Loyalty, ecosystem, protocol-depth, and onchain work are conditional. Mark an unused branch not applicable; do not perform it for completeness.

Human edge

A human owns the beneficiary, promise, channel commitment, public claims, privacy boundary, spend, consequential replies, and next-cycle decision. AI can gather evidence, compare channels, draft variants, inspect discoverability, classify signals, and prepare a review. It should expose sources, confidence, and uncertainty. It must not manufacture customer evidence, publish, spend, contact people, or infer private identity without authority.

Do it now

Set a 30-minute timer and write one page:

  1. Frame: “For [audience] in [situation], we believe [useful value] delivered through [one channel] will lead to [observable action] by [review date].”
  2. Path: list the exact steps from first discovery to the action. Circle the first missing or unowned step.
  3. Sequence: name three useful contributions you can deliver before asking for commitment.
  4. Response: name the person who will read and answer material signals, and the response cadence.
  5. Proof: name one outcome signal, one source signal, and the decision each could change.

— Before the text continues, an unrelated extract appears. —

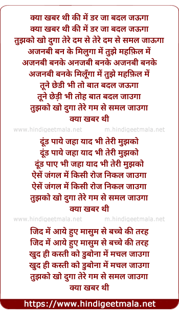 Lyrics of Kya Khabar Thee - क्या खबर थी
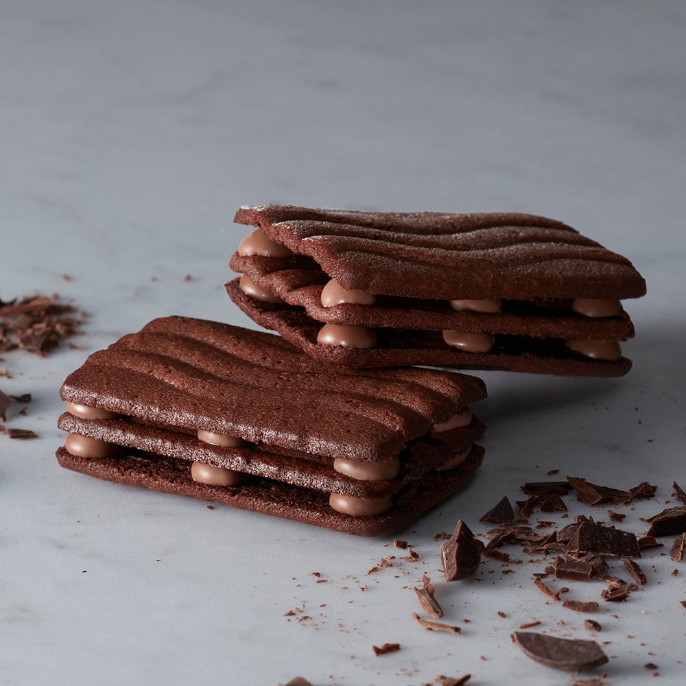 ➀スペシャリティチョコレートの味を追求した一品。三層のラングドシャが放つ本物の香りと味。カカオアロマ、フルーティな風味、ユニークな酸味が広がります。

Your output is a bounded first-cycle brief, not a complete campaign.

Proof test

Ask someone outside the work to read the page. They should be able to identify the audience, value, one channel, next action, owner, review date, and evidence that could stop the cycle. After the cycle, retain observations separately from interpretation and record:

intent → action → proof → consequence → learning → next setpoint

Reach, impressions, citations, wallet connects, and sign-ups are route signals. They prove the intended outcome only when the outcome itself is observed.

Abort conditions

Stop and reframe when:

  • no reachable audience or valuable beneficiary outcome is named;
  • more than one primary channel remains;
  • the path relies on unsupported claims, unowned handoffs, or non-consensual tracking;
  • the sequence is only promotion;
  • responses could create commitments without human review;
  • the review cannot distinguish observation, attribution confidence, and interpretation.

Failure modes

Adding channels before one wedge returns evidence disperses attention. Treating route signals as outcomes rewards reach without value. Automating consequential responses or identity linkage removes the human authority the route depends on.

Learning return

If the route produces evidence, update the stage that evidence actually challenges. Do not rewrite the whole strategy because one post underperformed. If nothing changed and nothing was deliberately preserved, the loop did not close.

Context

Questions

Next question: Which single assumption would most change your channel commitment if it proved false?

  • Which stage currently has no accountable human?
  • Which signal would make you stop rather than add another channel?